THE TASK: Exactly reproduce the lines of the listing below from the one containing "Serial no. 61200, 7.65mm, 3" through the one containing "Protest activists wearing". Skip the images.

:: RECORD SET

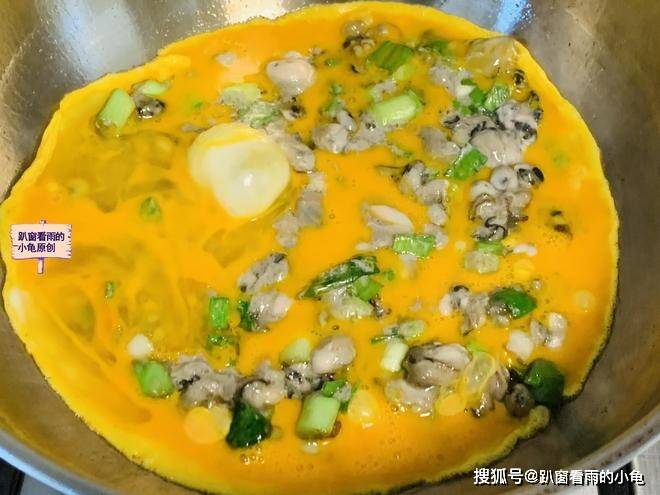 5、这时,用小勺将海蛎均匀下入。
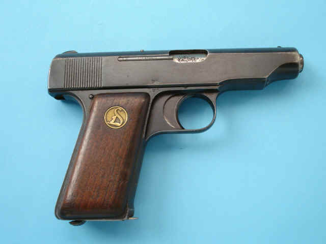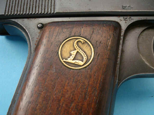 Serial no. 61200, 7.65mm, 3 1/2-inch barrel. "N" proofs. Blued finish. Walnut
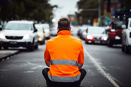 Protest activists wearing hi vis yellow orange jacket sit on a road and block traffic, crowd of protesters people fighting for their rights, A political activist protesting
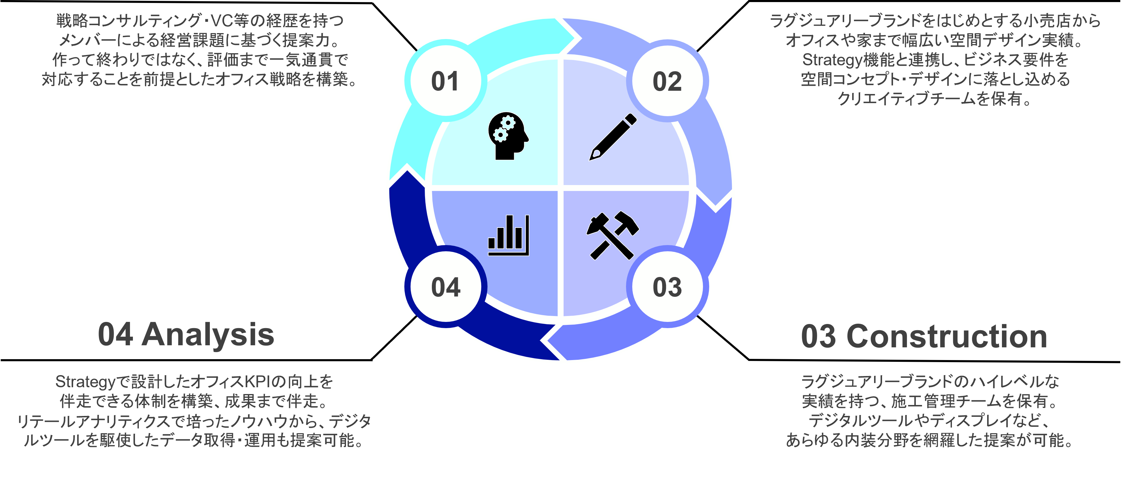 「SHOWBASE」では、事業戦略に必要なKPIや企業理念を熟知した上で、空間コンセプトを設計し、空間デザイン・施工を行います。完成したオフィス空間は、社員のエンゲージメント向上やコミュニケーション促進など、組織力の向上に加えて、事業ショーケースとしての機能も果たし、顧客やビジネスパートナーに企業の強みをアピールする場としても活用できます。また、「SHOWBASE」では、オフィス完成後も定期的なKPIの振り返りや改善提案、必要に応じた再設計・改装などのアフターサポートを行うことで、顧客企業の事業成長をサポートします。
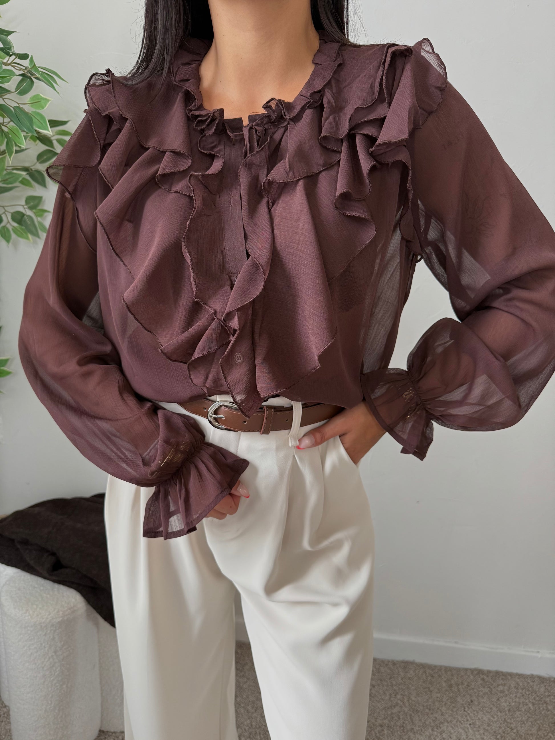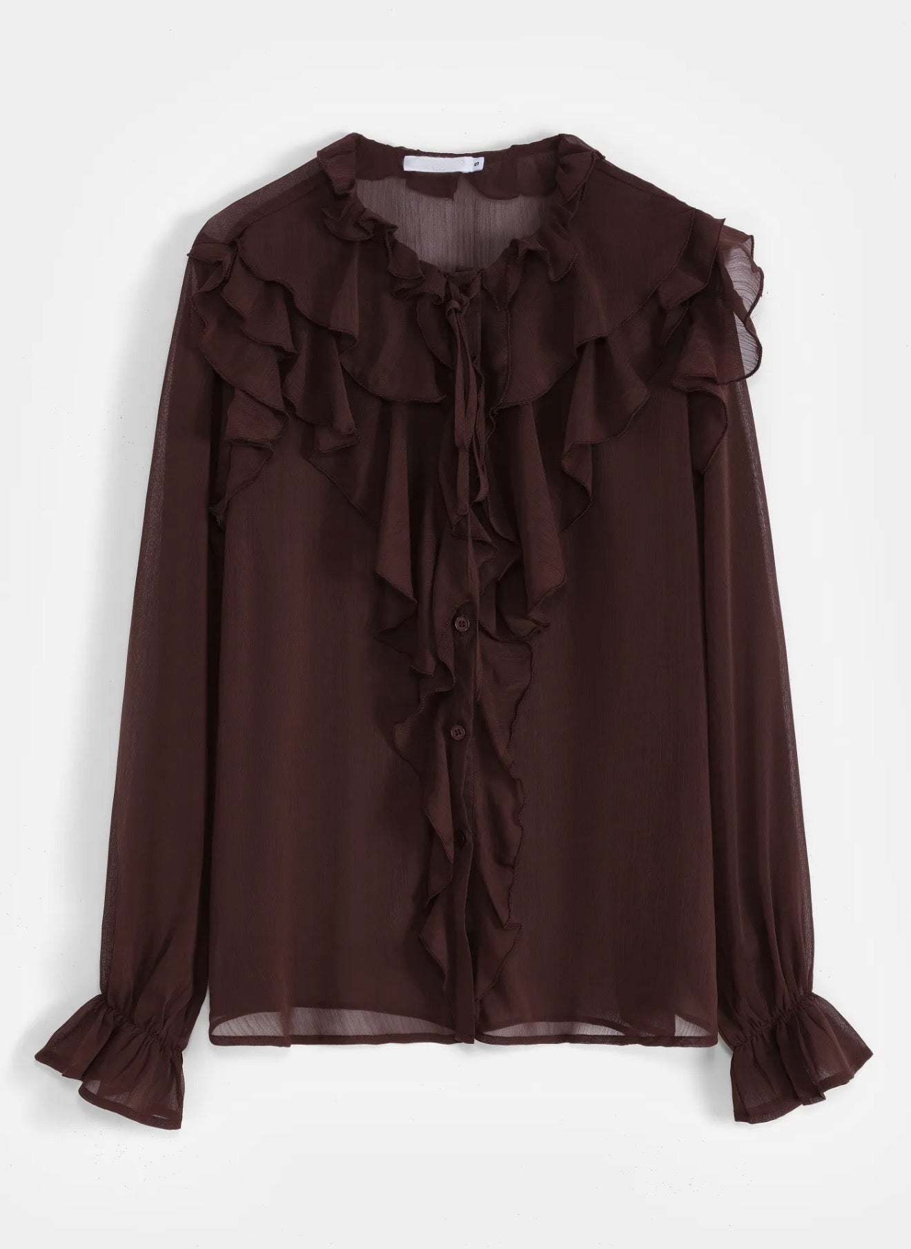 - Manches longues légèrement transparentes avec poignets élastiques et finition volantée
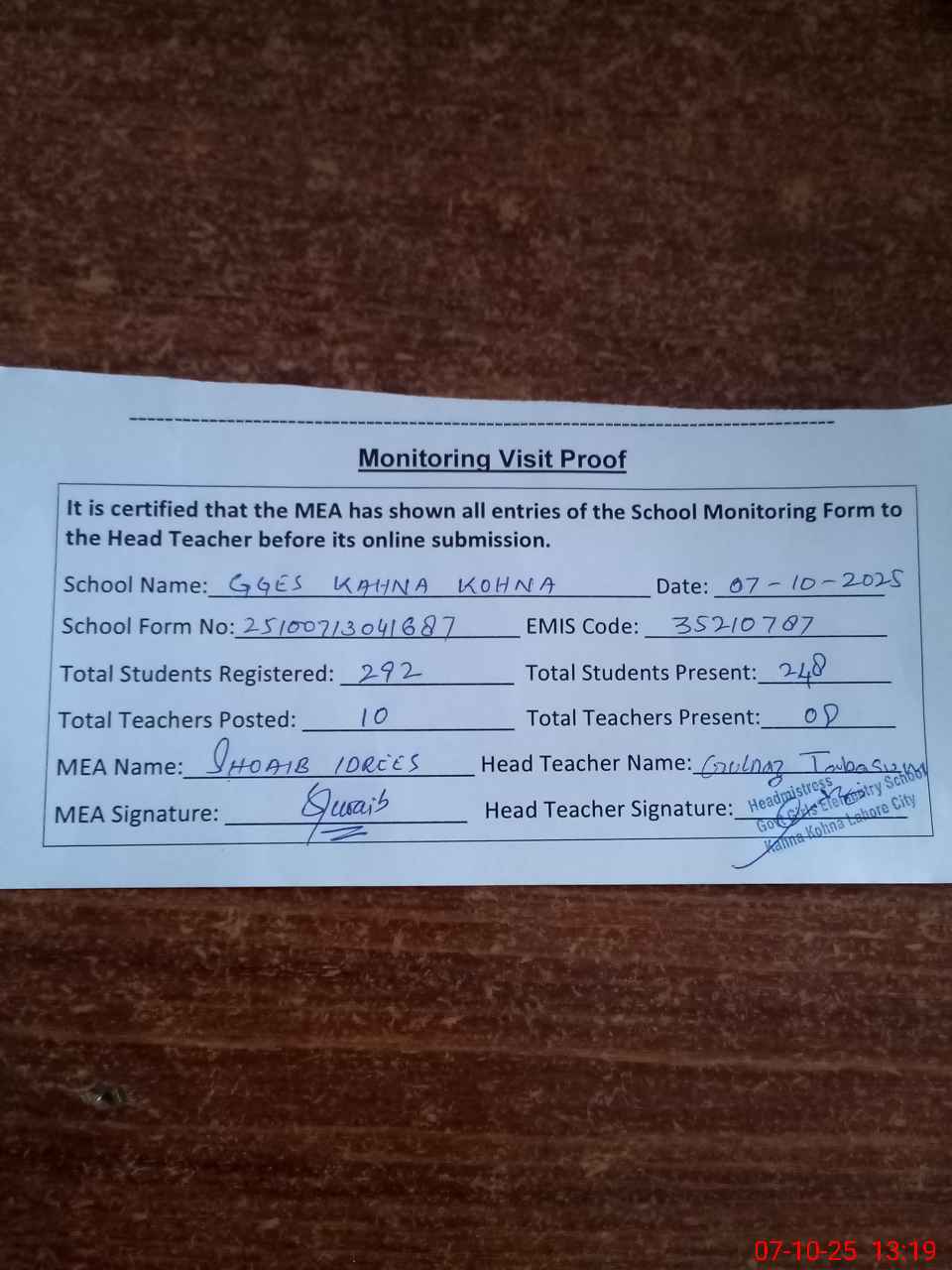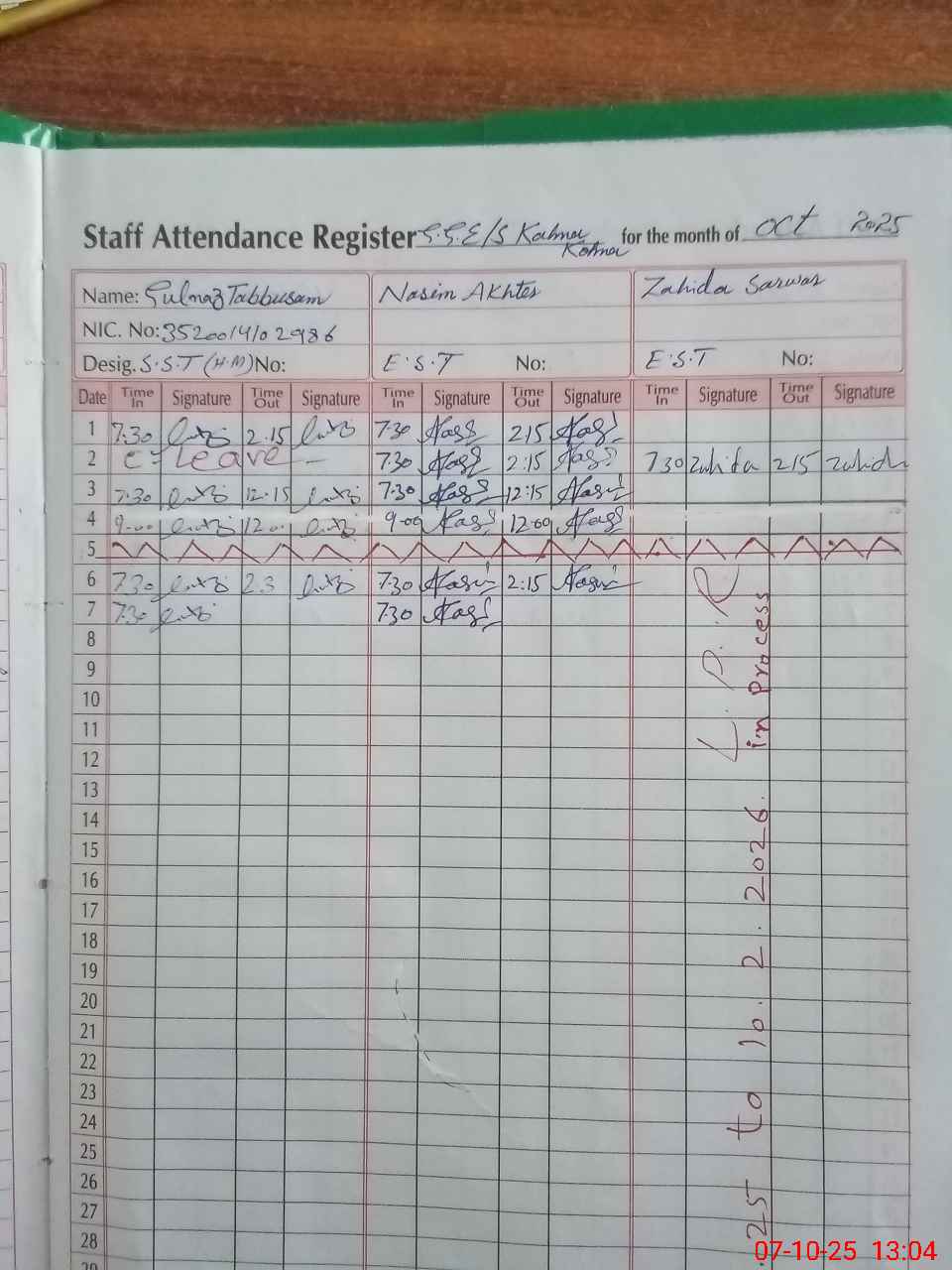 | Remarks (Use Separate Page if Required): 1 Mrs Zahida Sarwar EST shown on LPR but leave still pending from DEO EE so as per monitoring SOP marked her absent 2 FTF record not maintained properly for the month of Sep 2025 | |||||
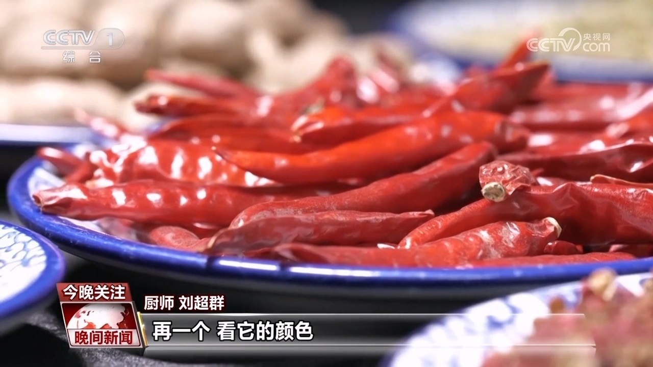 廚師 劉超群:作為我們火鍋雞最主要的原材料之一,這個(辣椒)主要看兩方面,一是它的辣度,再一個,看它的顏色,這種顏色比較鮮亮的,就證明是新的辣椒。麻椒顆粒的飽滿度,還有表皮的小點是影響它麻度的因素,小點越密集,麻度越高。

::::

RESULT FOR THIS TASK:
 Serial no. 61200, 7.65mm, 3 1/2-inch barrel. "N" proofs. Blued finish. Walnut
 Protest activists wearing hi vis yellow orange jacket sit on a road and block traffic, crowd of protesters people fighting for their rights, A political activist protesting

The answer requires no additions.